FEATURES Hip-Hop Producer The Lasso Imagines New Futures By Danny Schwartz · February 16, 2021
Photo by John Hanson

In the ‘50s and ‘60s, pre-synthesis electronic music gave texture to science-fiction films and television shows like Doctor Who and Forbidden Planet, helping humans to conceptualize the unknowable vastness of outer space. The associations created by this innovative form of music were incredibly potent; in our current era, artists still make of use these same eerie, operatic warbles, which were once used to signal the arrival of UFOs and whirring manmade spacecrafts like the TARDIS, to evoke space and to signal to the listener that they are peering into the future.

This is the case on 2121, the new album from the sure-handed Michigan producer and multi-instrumentalist, The Lasso. A vibrant mix of hip-hop and Midwestern funk, 2121 brings together a dozen guest rappers and singers for a collective meditation on the past year. It also offers paths forward, ways to escape society’s maddeningly cycle of progression and regression, one that only deepens the suffering of Black Americans and other marginalized groups. While some of his guests shroud their frustrations in metaphor, others, like Fat Tony on “The Abyss,” spell it out in plain terms: “Ain’t shit changed at all,” Tony raps, “Ebbs and the flows, but it’s never gone/ What a treat it’d be to see the dawn/ But it’s like that you might never make it home/ They say a change gon’ come, if it don’t we still righting every wrong.” Over the phone, The Lasso—born Andy Catlin—explains that he didn’t orchestrate the album’s core theme; it emerged naturally as each vocalist brought their own experience to bear.

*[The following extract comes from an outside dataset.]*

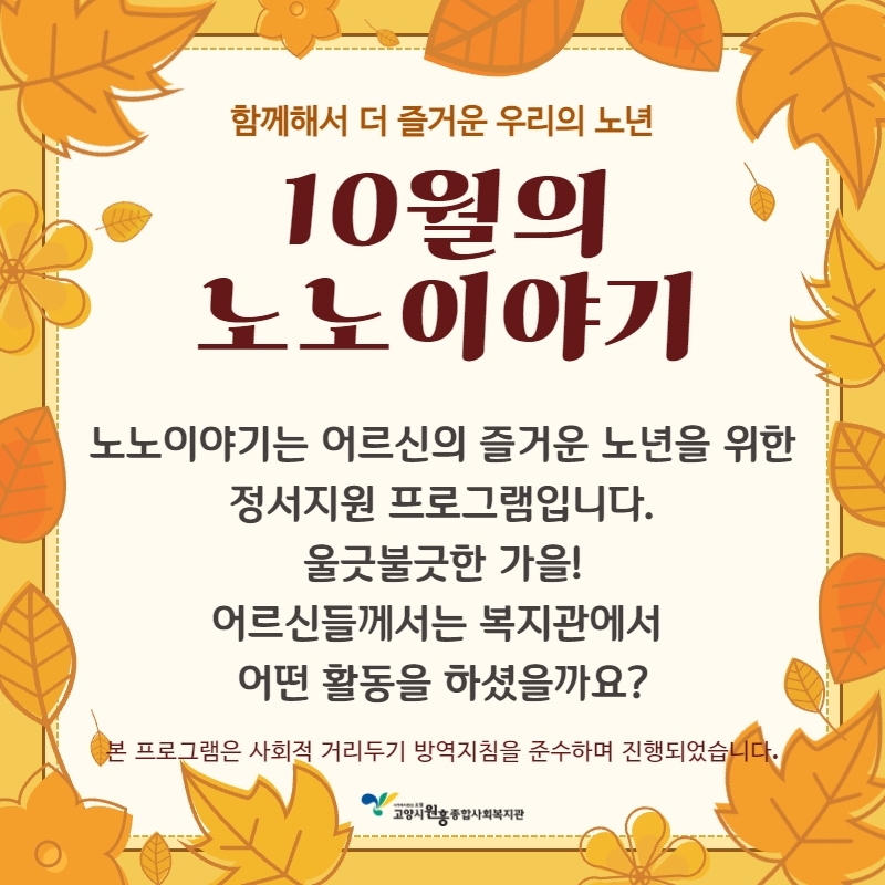10월 노노이야기 활동 페이지 정보 작성자 관리자 댓글 0건 조회320회 작성일 21-11-08 15:24 목록 본문 이전글2021년 10월 과일봉사단 진행 21.11.11 다음글2021년 이용자 인권교육 진행 21.11.08 댓글 0 댓글목록 등록된 댓글이 없습니다.

Catlin views himself as a producer “in the classic sense”—a curator and facilitator who blends his vision with those of his collaborators. In 2018, he teamed up with Tucson artist Lando Chill for the album Black Ego; last fall he released Don’t Play It Straight, a joint project with Queens rapper ELUCID. By contrast, he calls 2121 the work of a “hive mind,” a decentralized process by which “the finished product wasn’t something I would have ever thought of or composed.”

“Some of the harmonies, nobody thought of them [first],” Catlin says, “because I sent the track out to three people at the same time, and they didn’t hear each other. They sent their work back to me, and I used one of each of their notes.” 

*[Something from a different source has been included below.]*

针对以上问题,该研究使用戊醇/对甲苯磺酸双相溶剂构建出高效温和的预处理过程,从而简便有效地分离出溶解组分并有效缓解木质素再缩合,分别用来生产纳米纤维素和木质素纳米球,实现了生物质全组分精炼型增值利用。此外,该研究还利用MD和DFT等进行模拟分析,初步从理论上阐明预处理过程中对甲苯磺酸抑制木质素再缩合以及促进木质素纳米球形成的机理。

If there is a center point to 2121, other than Catlin—who plays drums, bass, guitars, and various keyboards and synths on the record—it’s cellist Jordan Hamilton and saxophonist Jarad “The Saxsquatch” Selner, who appear on eight tracks apiece, often in tandem. Catlin recorded with Seiner at nights on the stage of a 100-year-old theater, resulting in cavernous reverb; then, he passed those recordings to Hamilton. “All three of us come together kind of as an arrangement group,” he says. Together, they make the array of voices on the album feel more united.

2121 courts the future in a very different way than Doctor Who or Forbidden Planet. Catlin offers an appealing notion that the album, for those who worked on it, may have represented a modest but tangible step in a positive direction. “You’re living your current life, but you’re also kind of setting these energy intentions. You’re setting the cardinal direction you’re heading towards at all times in your life,” he says. “And there’s this interest, to me, of what direction we’re heading together, even if that means with the group of us who worked on this album. Like, what are we changing about our course, just even if it means we’re happier people, or fulfilled because we had fun making it? What about our future is defined by little collectives of people creating together?”